Nike leaps 12% after crushing earnings expectations and accelerating online-sales shift
- Nike jumped as much as 12% on Wednesday after the sportswear giant trounced expectations for fiscal first-quarter earnings and sales.
- Revenue of $10.59 billion beat the $9.11 billion estimate. Earnings per share reached 95 cents, more than twice the 46 cent expectation.
- Much of the gains were fueled by 82% growth in online sales. The surge accelerates Nike's plans to boost its online retail operations.
- The company also issued fiscal 2021 guidance of high single-digit to low double-digit revenue growth from the year-ago period. The forecast comes as many retail giants refrain from projecting performance due to pandemic uncertainties.
- Watch Nike trade live here.
Nike soared as much as 12% on Wednesday after beating expectations for fiscal first-quarter earnings and issuing optimistic guidance for the rest of the year.
The sportswear company continued to pivot toward online retail throughout the period. Digital sales rocketed 82% higher with double-digit gains in North America, China, Latin America, and the Asia Pacific region.
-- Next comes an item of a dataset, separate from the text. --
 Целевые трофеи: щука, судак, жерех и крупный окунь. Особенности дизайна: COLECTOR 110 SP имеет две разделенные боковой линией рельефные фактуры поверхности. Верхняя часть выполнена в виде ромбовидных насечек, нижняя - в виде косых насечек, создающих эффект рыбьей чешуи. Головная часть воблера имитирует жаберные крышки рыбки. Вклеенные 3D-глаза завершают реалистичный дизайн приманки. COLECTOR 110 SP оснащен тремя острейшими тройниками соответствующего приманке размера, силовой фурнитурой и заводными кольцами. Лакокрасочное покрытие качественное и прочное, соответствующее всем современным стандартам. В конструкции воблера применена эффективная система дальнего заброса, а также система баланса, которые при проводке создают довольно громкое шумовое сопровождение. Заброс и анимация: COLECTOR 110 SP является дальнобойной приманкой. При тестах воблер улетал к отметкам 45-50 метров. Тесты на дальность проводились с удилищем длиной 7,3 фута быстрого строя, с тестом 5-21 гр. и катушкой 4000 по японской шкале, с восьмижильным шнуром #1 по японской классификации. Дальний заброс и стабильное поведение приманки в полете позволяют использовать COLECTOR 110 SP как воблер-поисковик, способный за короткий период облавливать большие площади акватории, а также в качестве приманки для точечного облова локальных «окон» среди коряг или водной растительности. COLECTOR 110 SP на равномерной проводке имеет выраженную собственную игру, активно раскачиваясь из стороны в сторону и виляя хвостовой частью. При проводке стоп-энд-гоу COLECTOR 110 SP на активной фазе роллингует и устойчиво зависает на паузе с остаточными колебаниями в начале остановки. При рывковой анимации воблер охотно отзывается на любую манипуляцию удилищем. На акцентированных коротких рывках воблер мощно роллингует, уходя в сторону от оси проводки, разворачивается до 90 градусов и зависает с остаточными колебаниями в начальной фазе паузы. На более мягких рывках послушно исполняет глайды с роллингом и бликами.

The increase offset slowed sales at Nike's physical retail locations, though the quarter did see nearly all stores reopen after months-long lockdowns.
Here are the key numbers:
Revenue: $10.59 billion, versus the $9.11 billion estimate from analysts surveyed by Bloomberg
Earnings per share: 95 cents, versus the 46 cents estimate
Inventory: $6.71 billion, versus the $6 billion estimate
Gross margin: 44.8%, versus the 42.9% estimate
"We're getting stronger in the places that matter most. And even in the midst of disruption, we are on the offense," CEO John Donahoe said in a Tuesday earnings call, according to a transcript provided by Sentieo.
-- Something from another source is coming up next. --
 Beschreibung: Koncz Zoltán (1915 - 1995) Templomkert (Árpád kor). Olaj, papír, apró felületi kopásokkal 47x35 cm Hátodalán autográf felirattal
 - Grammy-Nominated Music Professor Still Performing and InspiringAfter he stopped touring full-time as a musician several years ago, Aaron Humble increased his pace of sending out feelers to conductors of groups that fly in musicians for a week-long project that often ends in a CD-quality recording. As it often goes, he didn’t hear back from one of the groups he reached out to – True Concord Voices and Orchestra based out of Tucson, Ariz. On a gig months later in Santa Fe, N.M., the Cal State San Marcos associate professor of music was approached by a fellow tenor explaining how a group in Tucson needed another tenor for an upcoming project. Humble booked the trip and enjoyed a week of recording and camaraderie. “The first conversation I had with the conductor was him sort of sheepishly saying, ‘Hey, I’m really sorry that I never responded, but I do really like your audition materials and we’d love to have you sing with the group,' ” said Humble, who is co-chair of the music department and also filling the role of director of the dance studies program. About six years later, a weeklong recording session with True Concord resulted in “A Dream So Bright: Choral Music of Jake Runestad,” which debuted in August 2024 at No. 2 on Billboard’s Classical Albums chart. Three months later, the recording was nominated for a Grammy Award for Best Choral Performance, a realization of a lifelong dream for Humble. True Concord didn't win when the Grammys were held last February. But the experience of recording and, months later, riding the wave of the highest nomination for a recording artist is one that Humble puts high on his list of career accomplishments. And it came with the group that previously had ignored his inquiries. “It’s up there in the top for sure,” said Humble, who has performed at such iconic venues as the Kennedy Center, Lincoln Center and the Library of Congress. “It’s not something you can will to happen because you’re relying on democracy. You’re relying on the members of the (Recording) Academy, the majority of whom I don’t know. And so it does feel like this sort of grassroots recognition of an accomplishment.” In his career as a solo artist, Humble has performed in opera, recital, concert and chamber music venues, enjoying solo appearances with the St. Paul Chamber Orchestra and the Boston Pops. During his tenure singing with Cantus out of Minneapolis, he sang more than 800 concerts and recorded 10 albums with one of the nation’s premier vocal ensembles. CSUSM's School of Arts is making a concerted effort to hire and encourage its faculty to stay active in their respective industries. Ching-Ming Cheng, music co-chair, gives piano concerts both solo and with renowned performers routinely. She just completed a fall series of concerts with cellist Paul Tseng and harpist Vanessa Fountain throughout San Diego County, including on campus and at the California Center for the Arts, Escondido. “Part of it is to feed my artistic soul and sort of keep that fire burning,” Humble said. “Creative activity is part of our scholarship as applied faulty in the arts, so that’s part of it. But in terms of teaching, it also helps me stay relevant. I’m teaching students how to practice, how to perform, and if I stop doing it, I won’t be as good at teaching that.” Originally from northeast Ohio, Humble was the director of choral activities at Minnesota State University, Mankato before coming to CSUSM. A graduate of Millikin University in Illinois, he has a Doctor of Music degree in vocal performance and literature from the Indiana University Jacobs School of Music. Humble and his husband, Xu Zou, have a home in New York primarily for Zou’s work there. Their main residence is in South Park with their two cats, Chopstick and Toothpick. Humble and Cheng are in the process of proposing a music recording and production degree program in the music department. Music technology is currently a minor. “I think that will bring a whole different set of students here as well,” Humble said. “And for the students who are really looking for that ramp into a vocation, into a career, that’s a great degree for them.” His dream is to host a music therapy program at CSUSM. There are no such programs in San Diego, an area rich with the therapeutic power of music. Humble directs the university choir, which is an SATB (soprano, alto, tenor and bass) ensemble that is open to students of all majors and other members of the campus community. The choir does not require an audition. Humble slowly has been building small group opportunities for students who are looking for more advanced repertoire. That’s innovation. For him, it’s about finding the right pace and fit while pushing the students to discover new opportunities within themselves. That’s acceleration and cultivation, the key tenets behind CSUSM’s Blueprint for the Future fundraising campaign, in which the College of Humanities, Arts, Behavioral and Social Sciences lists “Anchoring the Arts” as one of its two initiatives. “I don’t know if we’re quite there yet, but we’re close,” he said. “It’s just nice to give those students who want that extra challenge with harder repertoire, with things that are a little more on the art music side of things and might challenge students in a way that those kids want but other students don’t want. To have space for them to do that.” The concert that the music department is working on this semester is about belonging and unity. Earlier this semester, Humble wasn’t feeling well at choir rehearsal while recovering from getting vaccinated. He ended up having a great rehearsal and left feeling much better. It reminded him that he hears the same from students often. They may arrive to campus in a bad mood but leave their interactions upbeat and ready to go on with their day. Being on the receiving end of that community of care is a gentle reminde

Addressing the company's plan to source more sales from online operations, Donahoe deemed digital retail "the new normal."
"The consumer today is digitally grounded and simply will not revert back," he added.
Matthew Friend, Nike's chief financial officer, issued new fiscal 2021 guidance on the call. The company expects revenue to land in the high single-digits to low double-digits compared to fiscal 2020. The forecast arrives as most firms refrain from issuing such projections. Though Nike's supply chain is still healing, "stronger-than-anticipated demand" will lift sales and drive "significantly" greater growth in the second half, Friend said.
The fiscal first-quarter metrics mark a sharp rebound from Nike's previous earnings report. The company reported an unexpected quarterly loss of $790 million after the pandemic roiled in-store sales and prompted an inventory glut from shuttered outlets.
Nike closed at $116.87 per share on Tuesday, up 16% year-to-date.